Tate tried the red dress on. It was a stunner. She tried on the killer heels. They were red suede peep toes with red snakeskin uppers. Tate felt like a woman, perhaps for the first time ever. What did that say about her? She didn’t want to think about it. She just wanted to stay in this dress forever, despite the fact that it had a backstory even more lurid than the orange polka-dot dress. “This is it,” Tate said. “This is the one.”
“That’s it,” Chess agreed. “Your lucky dress. Your break-somebody’s-heart dress.”
Tate had the dress and the shoes, and she had her tan. She worked on the rest, but it was tricky. She filed and polished her nails-perfect except for the sand scattered across the polish.
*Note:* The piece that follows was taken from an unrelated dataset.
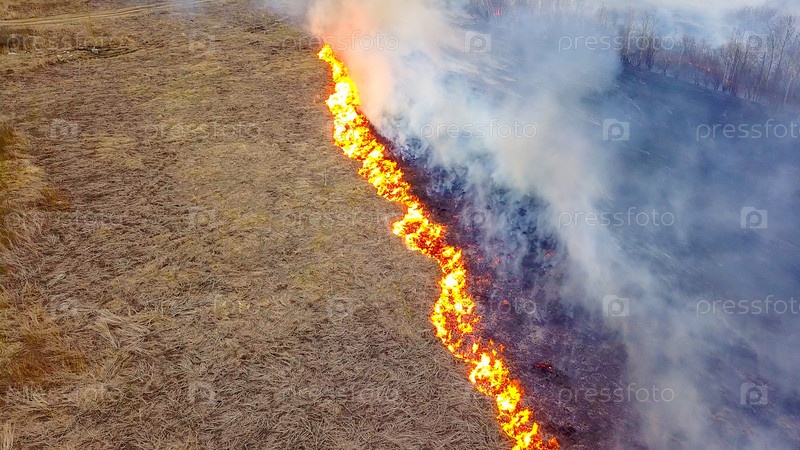 Большой пожар. Горит сухая трава. много дыма. Екатеринбург, Россия, Из Дрона

She washed and conditioned her hair in the bracing shower, then brushed it out. A hair dryer would have been nice; as it was, she had to hope for the best. She allowed India to apply makeup to her eyes and lips. Tate never wore anything more than Chap Stick, but India insisted on mascara, eyeliner, a little lip gloss. Birdie lent Tate a silver clutch that she claimed had belonged to Tate’s great-grandmother in the 1930s and was a denizen of the top drawer of the dresser in Birdie’s room. (Was she making this up?) India lent her a gold wrap (pedigree: Wanamaker’s, 1994). Why India had brought a gold wrap to Tuckernuck was beyond Tate, but she didn’t question. She was Cinderella today; it was okay if things just appeared.
“How do I look?” Tate asked. There wasn’t a mirror in the house where she could get a fair read. She was worried about her hair.
“Oh, honey,” Birdie said, “you look just beautiful.”
“I’m going to take your picture,” India said. She had brought one of those disposable cameras that came in a cardboard box. This was, to Tate’s knowledge, the first time she’d used it. It had been an uneventful trip.
Tate was embarrassed as she mugged for the camera. She felt guilty getting all dressed up and going out for a dinner party on the big island-the real world, with electricity and hot water and other people engaging her in conversation. Shouldn’t she stay home and eat corn on the cob and blueberry pie and play solitaire while everyone else read or needlepointed or sunk deeper into their interior lives? No, that was silly. She was going.
This was, in so many ways, all she’d ever wanted.
She was standing on the beach in her red silk dress with India’s wrap and her great-grandmother’s clutch purse and Chess’s shoes in her hand when Barrett pulled the boat in at six o’clock. There was also a backpack at her feet, containing a nightgown (borrowed from Chess), her toothbrush, and her running clothes. Up on the bluff, Tate had kissed and hugged everyone good-bye as though she were leaving on a long journey.